Convaincu qu’il s’agirait là de la toute dernière bataille, Berossus en personne menait l’attaque à la tête d’une cohorte de près d’une centaine de dreadnoughts assoiffés de sang.

La bataille finale pour Khalan-Ghol était sur le point de commencer.

— Nous ne pourrons jamais repousser cet assaut, dit Onyx en regardant les Titans de Berossus amorcer leur inexorable ascension le long de la rampe. Même s’ils se trouvaient encore à de nombreux kilomètres du sommet, l’ampleur de leurs silhouettes majestueuses avait de quoi couper le souffle.

— Berossus va nous balayer comme des fétus de paille dans une tempête de fer et de sang, ajouta-t-il.

Honsou ne disait rien, un vague sourire au coin des lèvres. Lui aussi avait l’œil rivé sur l’impressionnant déploiement de forces qui s’avançait pour les anéantir. Des centaines de guerriers démoniaques aéroportés tournoyaient dans le ciel en poussant des cris perçants au-dessus de phalanges de monstres mutants, bardés d’armes bioniques et dont les chairs en ébullition grouillaient de circuits méca-organiques. Des dizaines et des dizaines de machines-démons montées sur pattes d’araignée gravissaient la rampe dans un cliquetis assourdissant, exhalant dans l’air des gaz d’échappement toxiques. Maintenant qu’elles étaient libres de toute entrave, les entités infernales contenues dans leurs corps métalliques se délectaient par avance du massacre qui se profilait à l’horizon.
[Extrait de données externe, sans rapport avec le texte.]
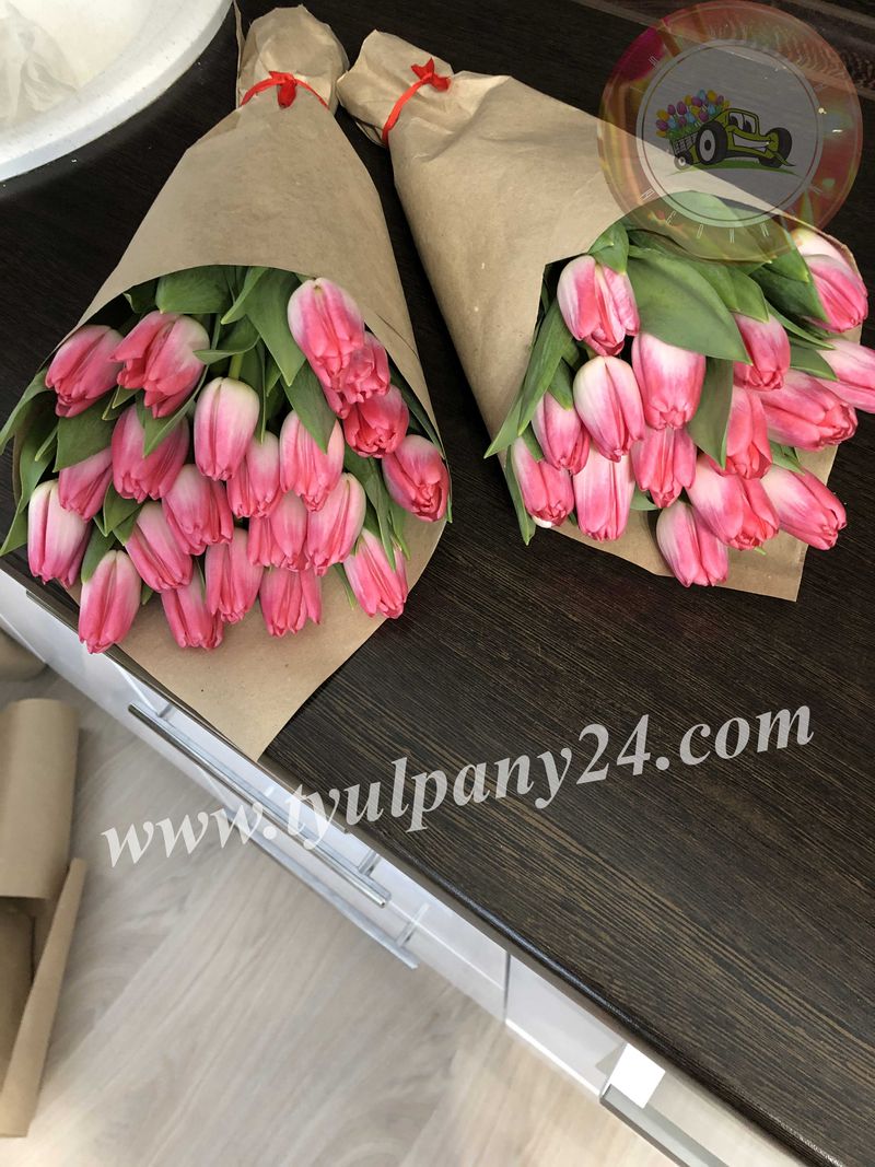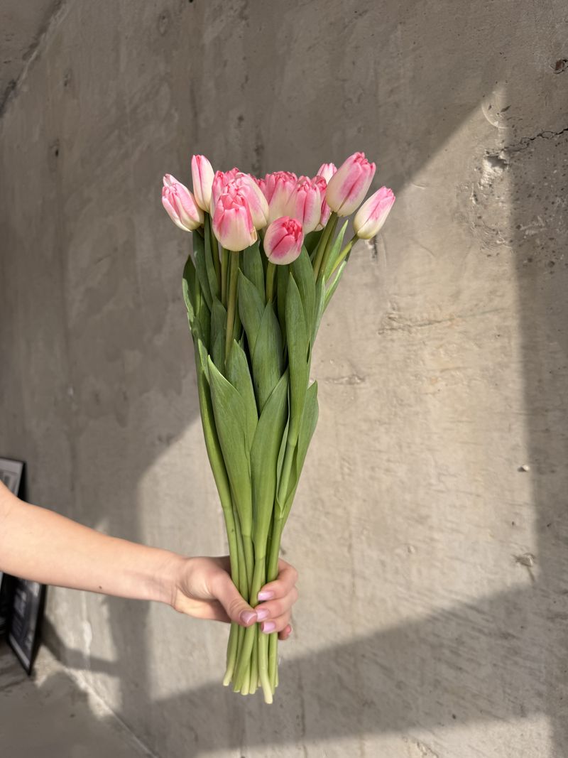 Розовый светлый бутон с белой каймой, листва и ножка средняя.

Vêtu de son armure énergétique cabossée, une expression à la fois belliqueuse et désinvolte plissant ses traits pâles, et arborant un bras bionique en argent étincelant à la place de celui dont son ancien maître lui avait fait cadeau, Honsou restait imperturbable, comme si leur ruine prochaine le laissait parfaitement de marbre.

Cela rendait Onyx perplexe, même si cela faisait maintenant longtemps qu’il avait pris conscience du fait qu’il n’arriverait jamais à comprendre les plans secrètement manigancés par le nouveau maître de Khalan-Ghol. Le sang-mêlé ne se comportait comme aucun des autres forgerons de guerre auxquels il avait été affilié durant ses éternités de bons et loyaux services auprès des autorités successives de la forteresse.

— Cela n’a pas l’air de vous inquiéter plus que ça, poursuivit-il.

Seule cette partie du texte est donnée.